A verbatim restatement of the data, free of pictures, is what you should output.

** Opening Supplied entries block **

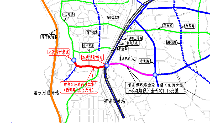 布吉南環(huán)路(西環(huán)路至禾坑路段)建設工程,由我司代建,位于深圳市布吉街道,西起現狀西環(huán)路與十一號路交點,東至與現狀禾坑路交點,道路全長約2.4km。布吉南環(huán)路的建設對于完善中部物流組團路網結構,促進組團經濟社會的發(fā)展,實現其規(guī)劃目標具有重要的意義。
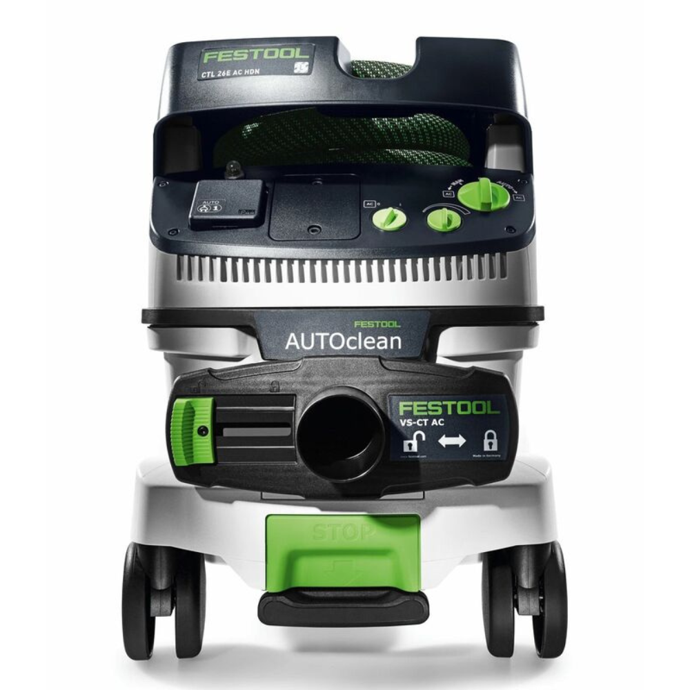 Система пылеудаления с автоматической очисткой фильтра обеспечивает стабильную производительность при работе с минеральной и строительной пылью, сохраняя высокую силу всасывания даже при длительных нагрузках. Модель оборудована усовершенствованным механизмом AUTOCLEAN, который регулярно встряхивает основной фильтр и предотвращает снижение расхода воздуха. Интервалы очистки могут быть настроены через приложение Festool, что позволяет адаптировать работу под интенсивность пыли и поддерживать эффективность без ручного вмешательства. Сенсорная панель управления обеспечивает быстрый доступ к регулировке мощности, изменению рабочих параметров и активации вспомогательных функций.
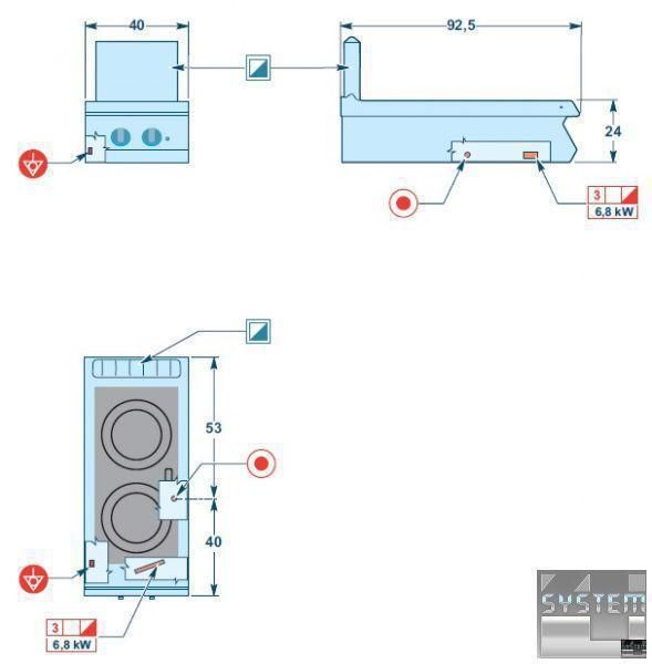Две независимые нагревательные зоны мощностью от 1,5 кВт до 3,4 кВт каждая, диаметром от 19,5 см до 27 см.
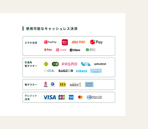 支払い方法は、スマホ決済、交通系電子マネー、電子マネー、クレジット決済が利用可能だ。
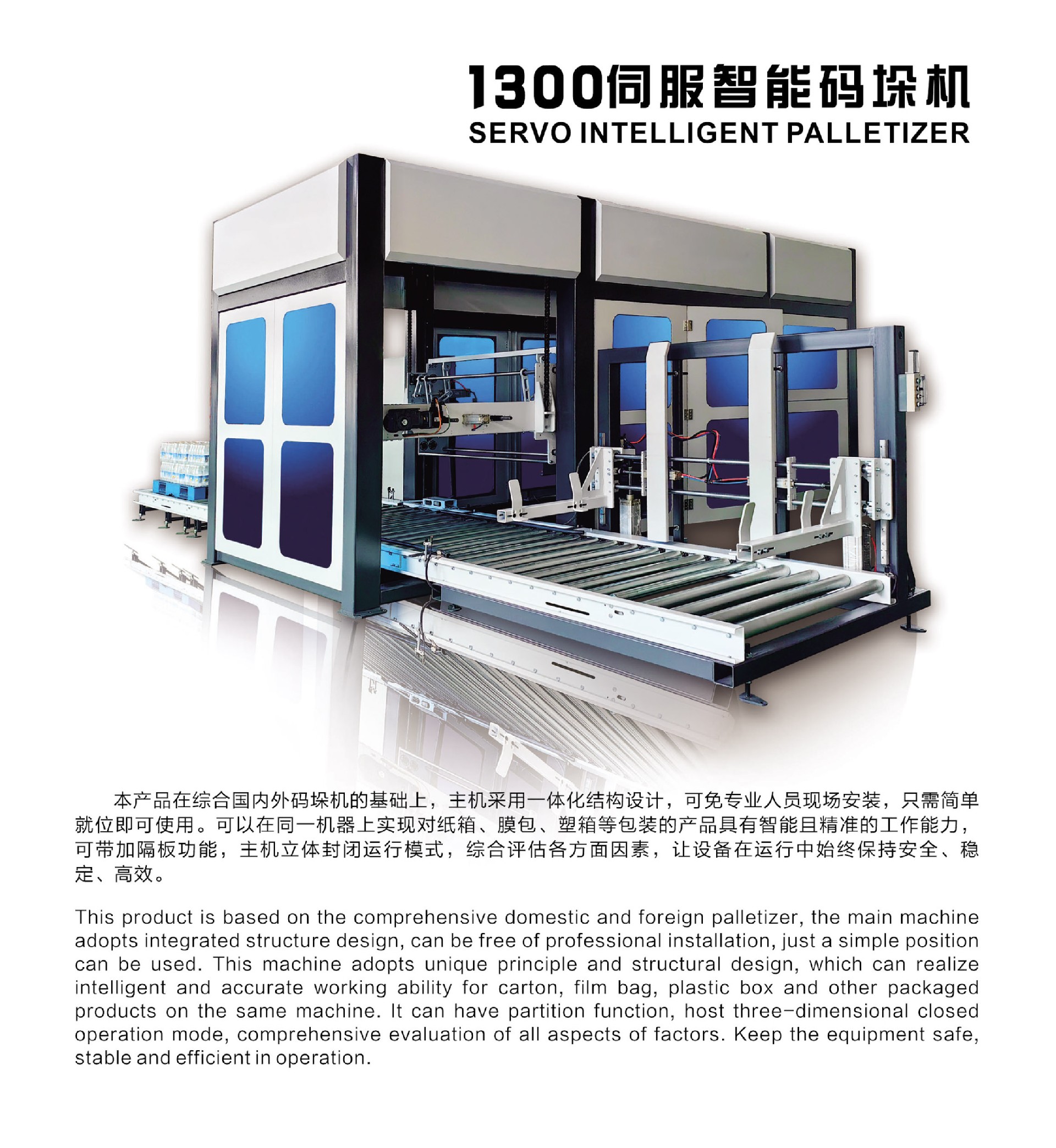 本設備主要是將已經裝好產品的紙箱,按一定排列方式碼在托盤上,進行自動推碼,可堆碼多層,便于又車運送至倉庫存儲。由PLC實現智能化操作,減少人工,提高速度。

** Closing Supplied entries block **

■ **Completed exercise**:
 布吉南環(huán)路(西環(huán)路至禾坑路段)建設工程,由我司代建,位于深圳市布吉街道,西起現狀西環(huán)路與十一號路交點,東至與現狀禾坑路交點,道路全長約2.4km。布吉南環(huán)路的建設對于完善中部物流組團路網結構,促進組團經濟社會的發(fā)展,實現其規(guī)劃目標具有重要的意義。
 Система пылеудаления с автоматической очисткой фильтра обеспечивает стабильную производительность при работе с минеральной и строительной пылью, сохраняя высокую силу всасывания даже при длительных нагрузках. Модель оборудована усовершенствованным механизмом AUTOCLEAN, который регулярно встряхивает основной фильтр и предотвращает снижение расхода воздуха. Интервалы очистки могут быть настроены через приложение Festool, что позволяет адаптировать работу под интенсивность пыли и поддерживать эффективность без ручного вмешательства. Сенсорная панель управления обеспечивает быстрый доступ к регулировке мощности, изменению рабочих параметров и активации вспомогательных функций.
Две независимые нагревательные зоны мощностью от 1,5 кВт до 3,4 кВт каждая, диаметром от 19,5 см до 27 см.
 支払い方法は、スマホ決済、交通系電子マネー、電子マネー、クレジット決済が利用可能だ。
 本設備主要是將已經裝好產品的紙箱,按一定排列方式碼在托盤上,進行自動推碼,可堆碼多層,便于又車運送至倉庫存儲。由PLC實現智能化操作,減少人工,提高速度。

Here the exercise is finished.